By Aaron Ross and Tim Cocks
KINSHASA (Reuters) - Congo authorities swept through the southeastern mining hub of Lubumbashi on Thursday making dozens of arrests, local activists said, after at least 34 people died in protests against President Joseph Kabila.
Lubumbashi mayor Jean Oscar Sanguza told Reuters it was a "sweep up" operation targeting "criminals and bandits", and that security forces were looking for arms. But local activists said they arrested young men suspected of supporting the opposition.
"As soon as you go by on the road and you're a young man, you're in a group of two or three, they (security forces) take you," said Jean Claude Baka, regional head of activist group ASADHO, estimating 50 arrests since Thursday morning.
Human Rights Watch (HRW) said on Thursday that security forces in Democratic Republic of Congo had killed at least 34 people during protests this week against Kabila, who stayed in power despite his mandate running out on Tuesday with no fresh election organized.
Congo's capital Kinshasa and other cities were convulsed by violent demonstrations on Tuesday against Kabila, who has been in power since his father Laurent was shot dead in 2001.
The protests, and a spate of disparate clashes between ethnic militias this week, have raised fears Congo is heading towards another major armed conflict. Millions were killed in wars in the massive central African nation between 1996 and 2003. The country has never had a peaceful transition of power.

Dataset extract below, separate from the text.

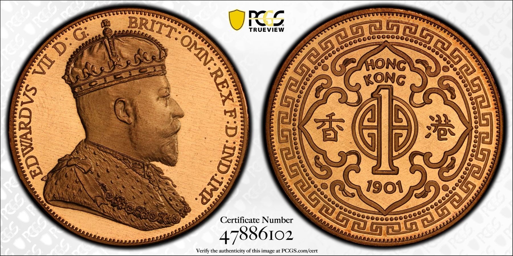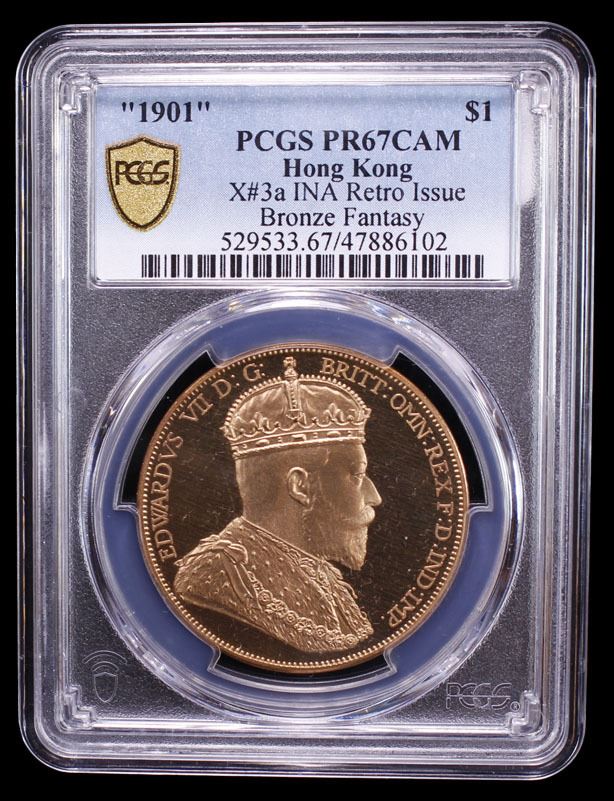 HONG KONG: Fantasy Issues, 1 dollar, "1901", KM-X3a, INA Retro Fantasy Edward VII type, struck in bronze, International Numismatic Agency(INA) issue, PCGS graded PF67 Cameo. The International Numismatic Agency (INA) struck high quality fantasy British crown coins primarily around 2000–2001, with additional, subsequent strikings reported in 2007 and 2008. These coins are often referred to as "INA Retro Fantasy Issues."

In a bid to avoid that, talks between pro- and anti-Kabila politicians, facilitated by the Catholic Church, took place on Thursday, but it is unclear what they can achieve. The opposition has said a deal is possible only if Kabila commits publicly to stepping down and holds an election next year.
Jean Pierre Muteba, another Lubumbashi activist, put the numbers arrested there since Tuesday's protests at 400.
ETHNIC VIOLENCE WORSENS
Western powers have condemned both Kabila's failure to step down and the subsequent violent crackdown on protests, with former colonial master Belgium, France and Britain all warning of changed relationships with Congo. The U.S. has also condemned the arrests of protesters and the failure to hold elections.
The constitution bars Kabila from standing for a new term but his government says it cannot organize the presidential election, originally scheduled for last month, until at least April 2018 due to delays in registering millions of voters.
Opposition leaders say the delay is a ploy by Kabila to cling to power and ultimately change the constitution to run again. Kabila denies this but has declined to commit to not changing the constitution.
The government says 22 people were killed in the clashes nationwide, including a police officer, most of them by stray bullets or while looting.
As the state's legitimacy weakens, simmering conflicts are flaring up between armed groups in this vast, forested country of 70 million people and more than 200 ethnic groups.
Fighting in the eastern province of North Kivu on Thursday between Hutu and Nande ethnic militia killed 17 civilians and a police officer, army spokesman Captain Guillaume Djike said.
And at least six people were killed and 150 wounded this week in clashes between Pygmies and Bantus in southeastern Congo, a local activist said.